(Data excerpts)
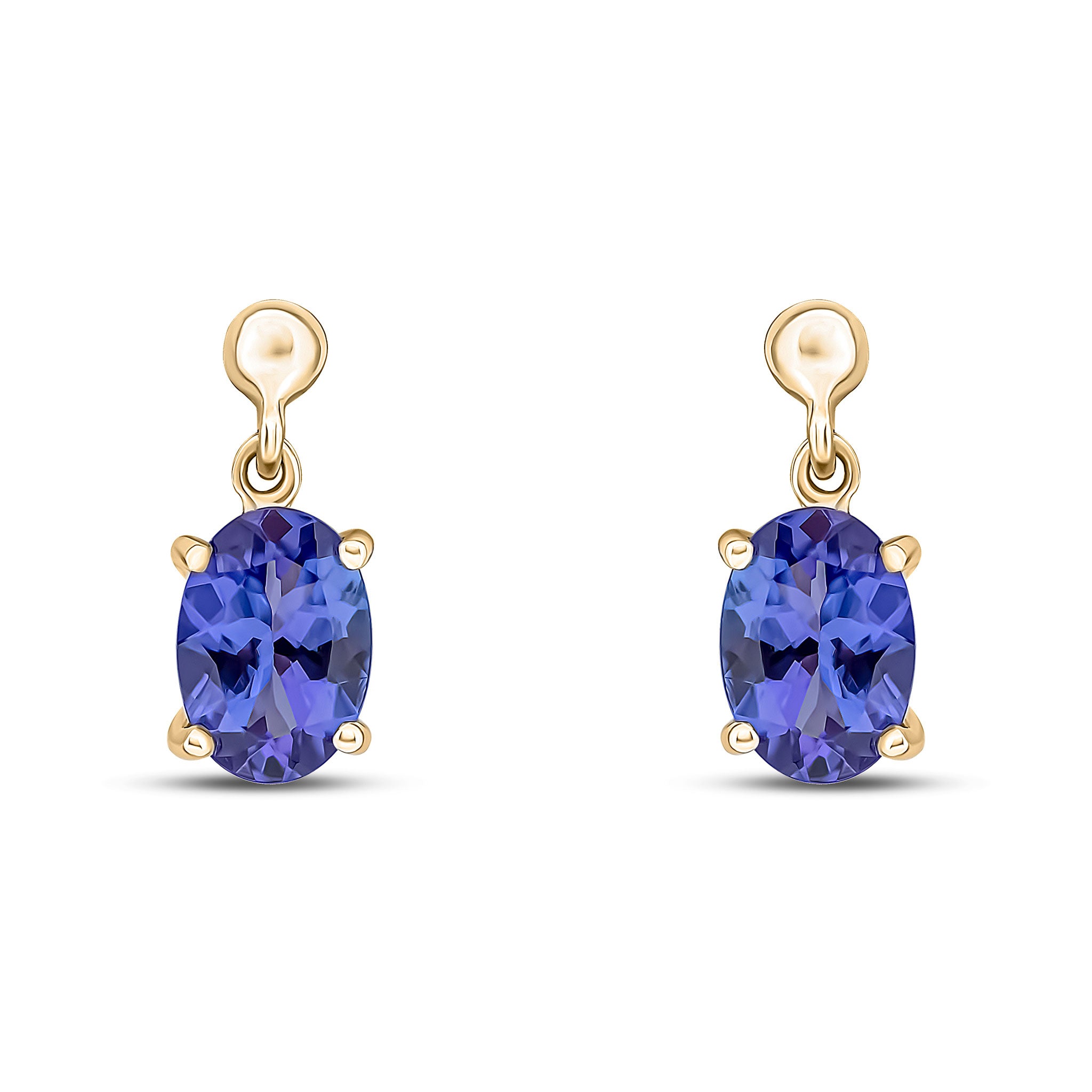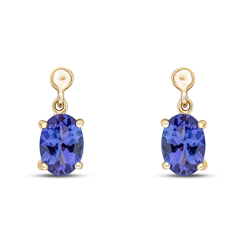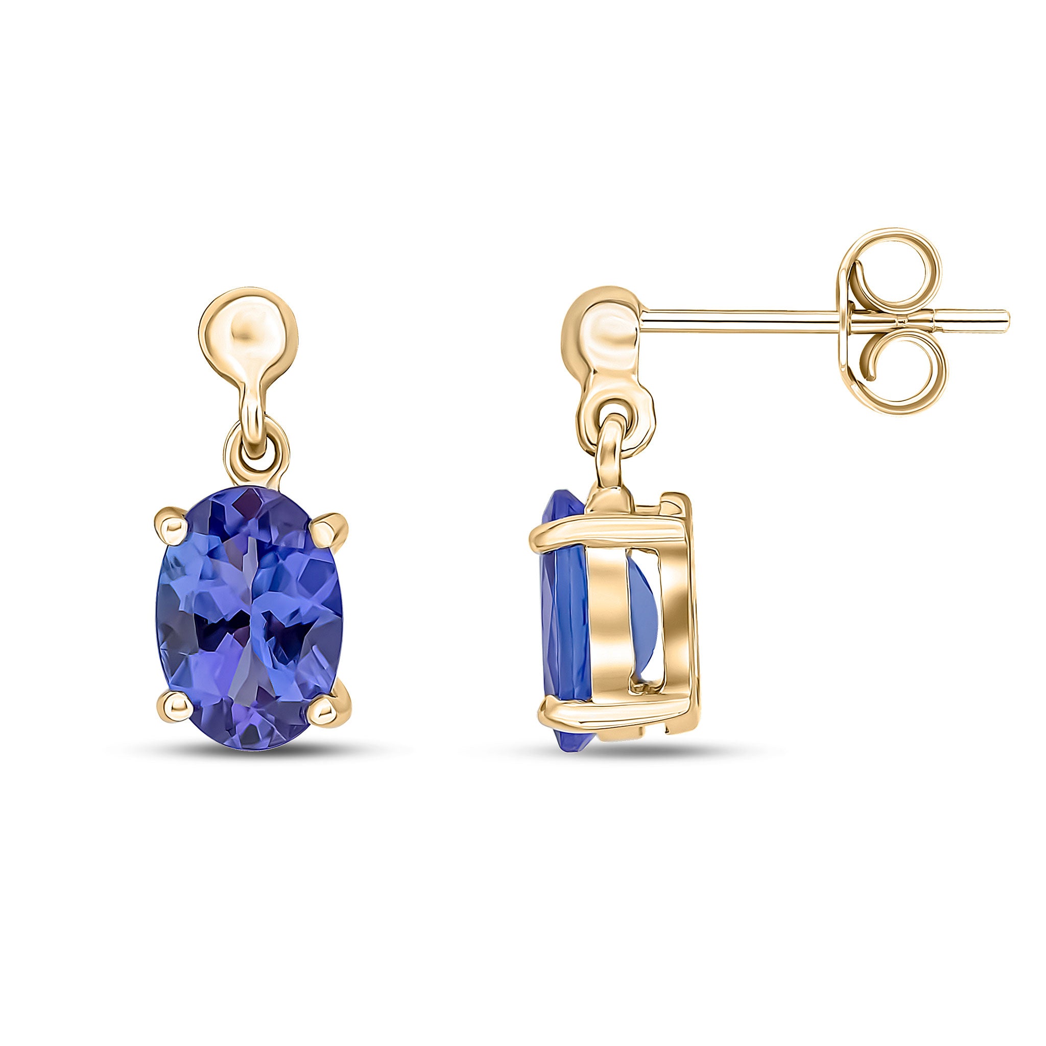 9CT Yellow Gold Oval Shaped Tanzanite Claw Drop Earrings 7x5mm
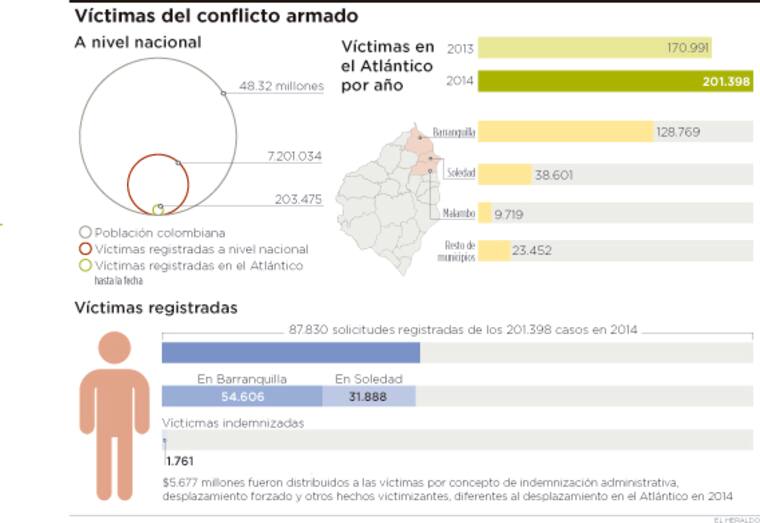 En el Atlántico hay registrados hoy 203.475 víctimas, de las cuales 128.769 residen en Barranquilla, 38.601 en Soledad, 9.719 en Malambo y el resto moran en los otros municipios del Departamento.
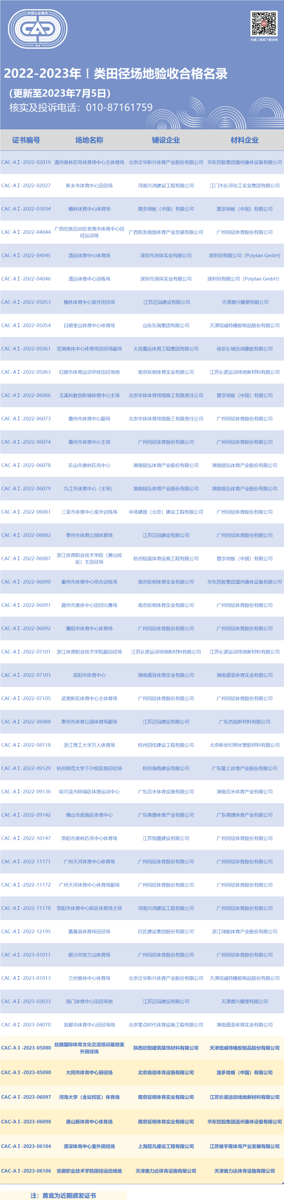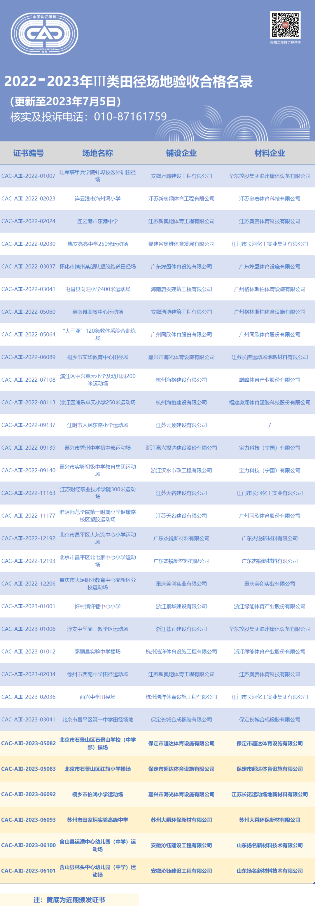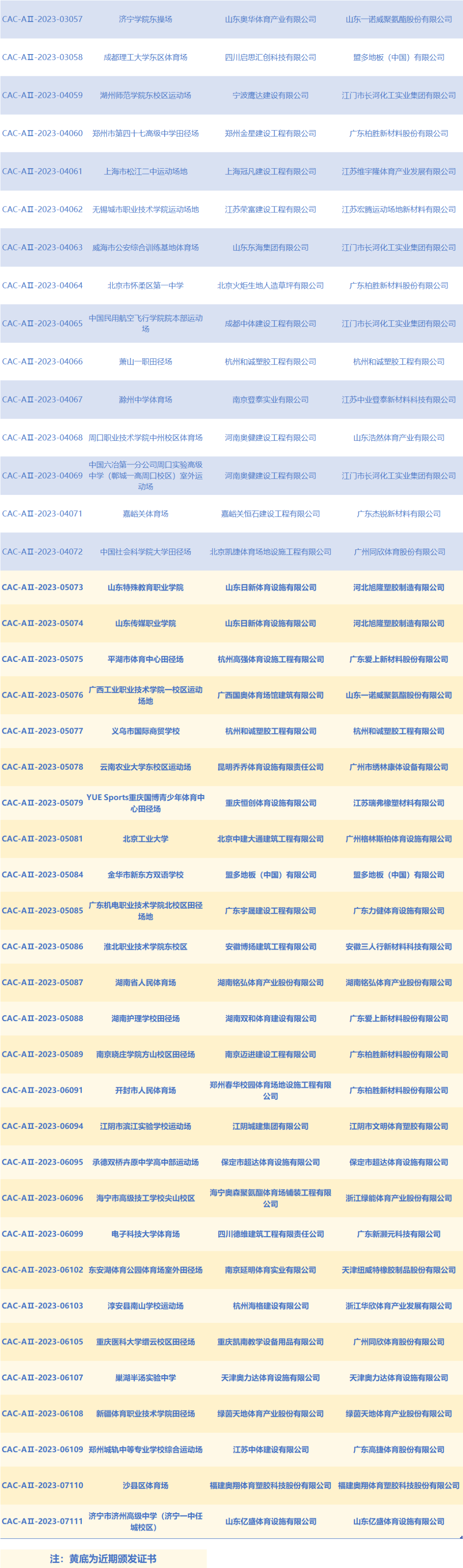 注:黃(huáng)底部分(fēn)為(wèi)近(jìn)期£ ¶¶頒發證書(shū)
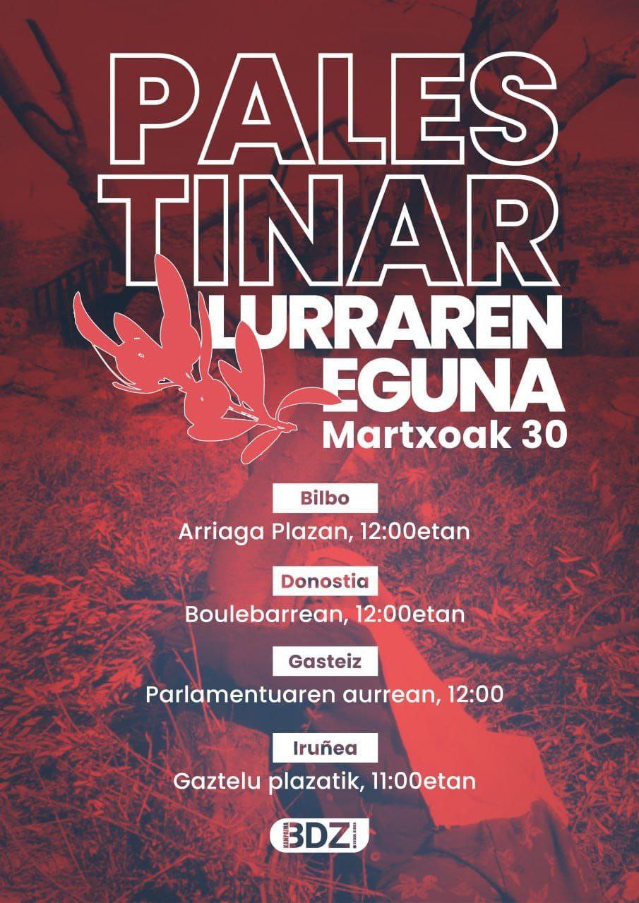 El 30 de marzo se han convocado las siguientes concentraciones con motivo del Día de la Tierra Palestina. Bilbao (Plaza del Arriaga, 12:00 horas); Donostia (Boulevard, 12:00 horas); Vitoria-Gasteiz (Frente al Parlamento Vasco, 12:00 horas).
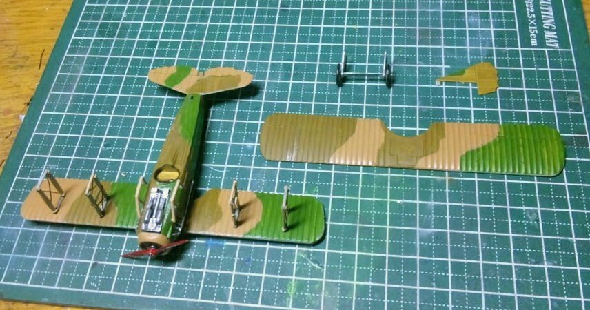 フム、こうなったら後はデカール貼ってワイヤー張ってパーツ貼って・・・って「はって」使い過ぎィ!
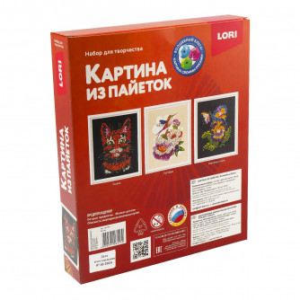 Комплектация: Разноцветные пайетки, основа рзмером 20*25 см, рамка, цветная схема,пин-гвоздики, инструкция.
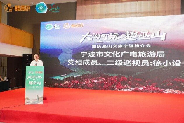 宁波市文化广电旅游局党组成员、二级巡视员徐小设向出席本次会议的重庆巫山政府、旅行社代表、各大媒体及企业家们表示诚挚的欢迎,也向大家介绍了宁波丰富的文旅资源,表示希望借助此次推介会能够不断加强宁波和巫山之间的文化交流,让更多的宁波人民了解巫山的自然资源,亲身感受巫山“万山红遍、层林尽染、灿若烟霞”的惊艳,也真诚欢迎巫山的朋友们走进宁波,感受宁波的海洋文化与江南水乡的风情。
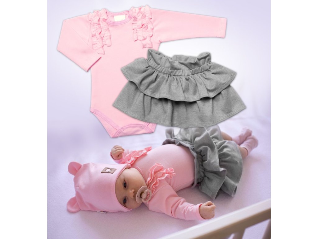 BABY NELLYS 2-dílná sada, body dl.rukáv + suknička Dance Baby, růžová/šedá, vel. 98
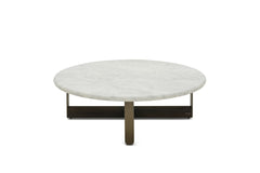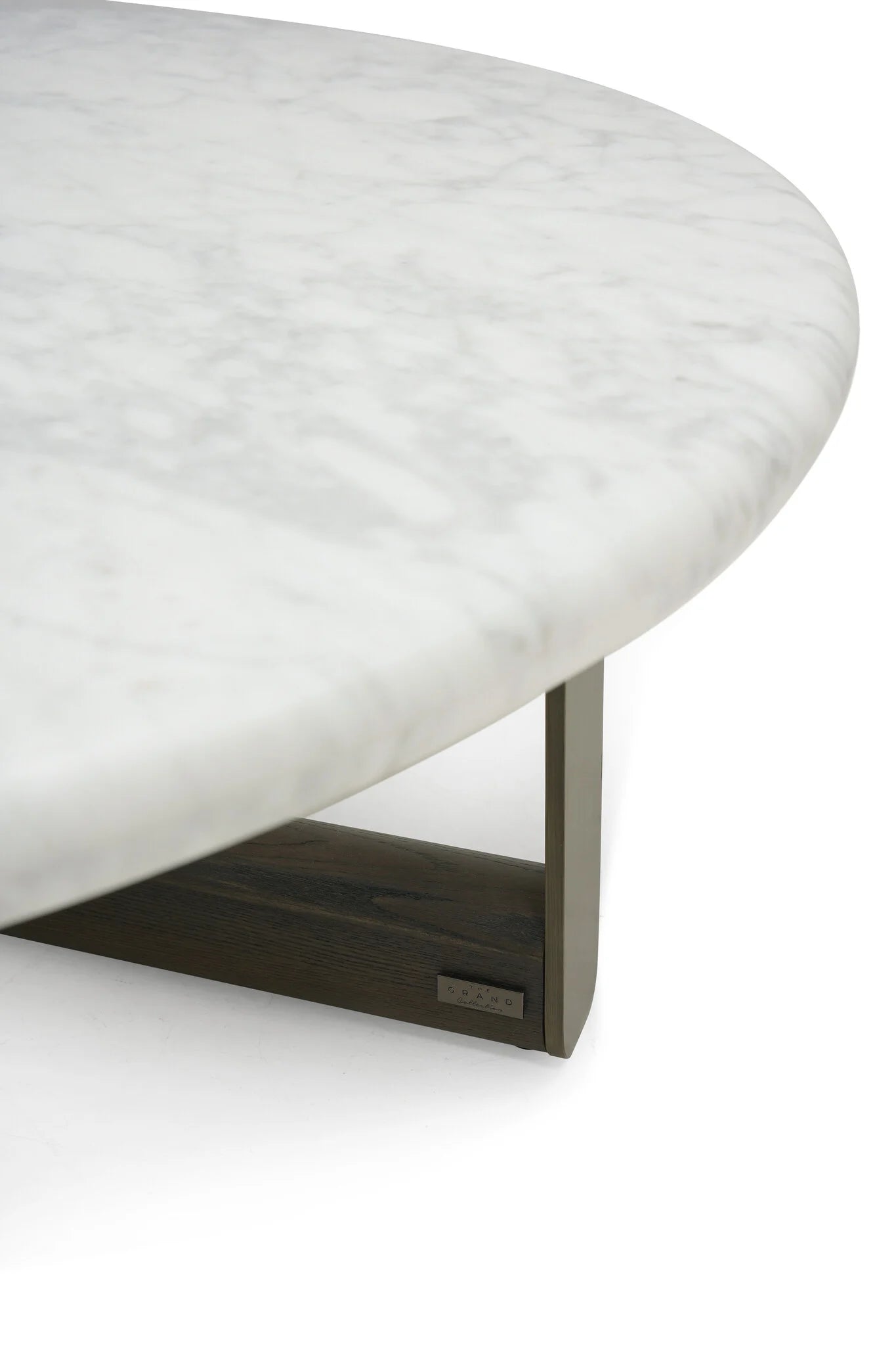 Firenze Ronde salontafel van The Grand Collection. De mix van brons, zwart gebeitst hout en een wit marmeren blad maakt het een luxe en tijdloos meubelstuk dat in ieder interieur past.
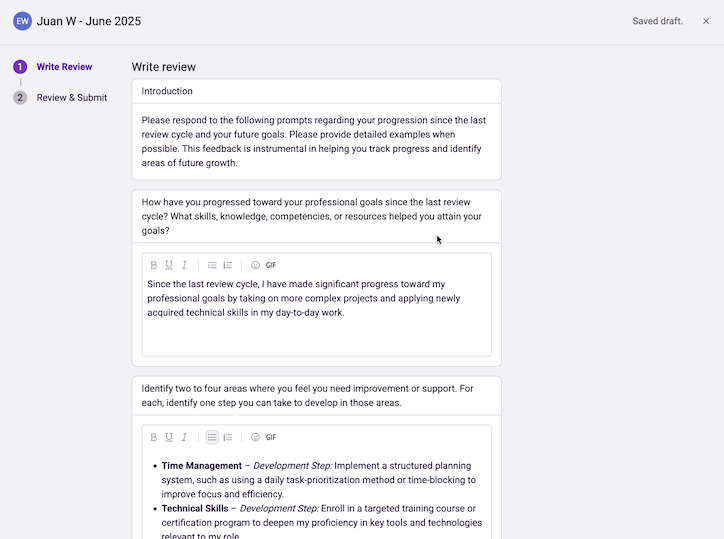 Completeting a review is simple and straightforward. Users are guided through a series of admin curated questions to provide meaningful feedback.
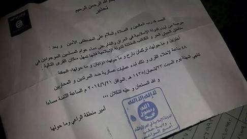 Geçen hafta itibariyle 100 Türkmen köyünü kontrolü altına alan IŞİD, İslamiyet adına yaptığı vahşi eylemleri bu sefer Türkmen halkına yapmaya başladı. Türkmenlerin elindeyse sadece 41 köy kaldı. Köylüler IŞİD’in her an köylerine gireceği korkusuyla bekliyorlar. 26 Haziran günü IŞİD, bazı Türkmen köylerinin boşaltılması için bir yazı gönderdi.
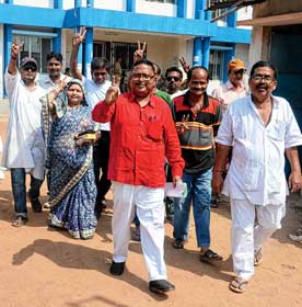 মনোনয়ন পেশের পর সস্ত্রীক সত্যদেও শর্মা।
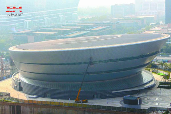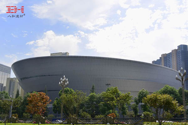 成都演藝中心是一個演藝兼體育賽事的綜合場館,為了達到良好的隔音、隔熱、防火功能,外立面采用了兩萬多塊鋁蜂窩板。
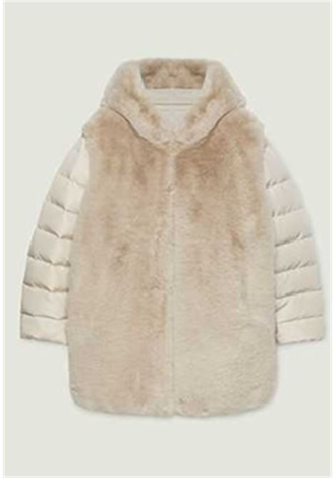 Piumino da donna color cachà con maniche trapuntate e corpo in morbida eco-pelliccia. Modello con cappuccio integrato, chiusura frontale invisibile e linea leggermente over.
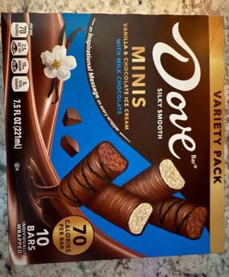 [This review was collected as part of a promotion.] I love these two-bite ice cream bars! The luxurious creamy Dove milk chocolate houses soothingly sweet ice cream, making a refreshing summer treat. Individual wrappers keep each frozen mini bar fresh... and are great to assist with portion control.

TO DO:
In the entries above, find the line that contains "Firenze Ronde salontafel", then repeat exactly every line from the first one through that line, with no pictures.

WRITTEN REPLY:
 9CT Yellow Gold Oval Shaped Tanzanite Claw Drop Earrings 7x5mm
 En el Atlántico hay registrados hoy 203.475 víctimas, de las cuales 128.769 residen en Barranquilla, 38.601 en Soledad, 9.719 en Malambo y el resto moran en los otros municipios del Departamento.
 注:黃(huáng)底部分(fēn)為(wèi)近(jìn)期£ ¶¶頒發證書(shū)
 El 30 de marzo se han convocado las siguientes concentraciones con motivo del Día de la Tierra Palestina. Bilbao (Plaza del Arriaga, 12:00 horas); Donostia (Boulevard, 12:00 horas); Vitoria-Gasteiz (Frente al Parlamento Vasco, 12:00 horas).
 フム、こうなったら後はデカール貼ってワイヤー張ってパーツ貼って・・・って「はって」使い過ぎィ!
 Комплектация: Разноцветные пайетки, основа рзмером 20*25 см, рамка, цветная схема,пин-гвоздики, инструкция.
 宁波市文化广电旅游局党组成员、二级巡视员徐小设向出席本次会议的重庆巫山政府、旅行社代表、各大媒体及企业家们表示诚挚的欢迎,也向大家介绍了宁波丰富的文旅资源,表示希望借助此次推介会能够不断加强宁波和巫山之间的文化交流,让更多的宁波人民了解巫山的自然资源,亲身感受巫山“万山红遍、层林尽染、灿若烟霞”的惊艳,也真诚欢迎巫山的朋友们走进宁波,感受宁波的海洋文化与江南水乡的风情。
 BABY NELLYS 2-dílná sada, body dl.rukáv + suknička Dance Baby, růžová/šedá, vel. 98
 Firenze Ronde salontafel van The Grand Collection. De mix van brons, zwart gebeitst hout en een wit marmeren blad maakt het een luxe en tijdloos meubelstuk dat in ieder interieur past.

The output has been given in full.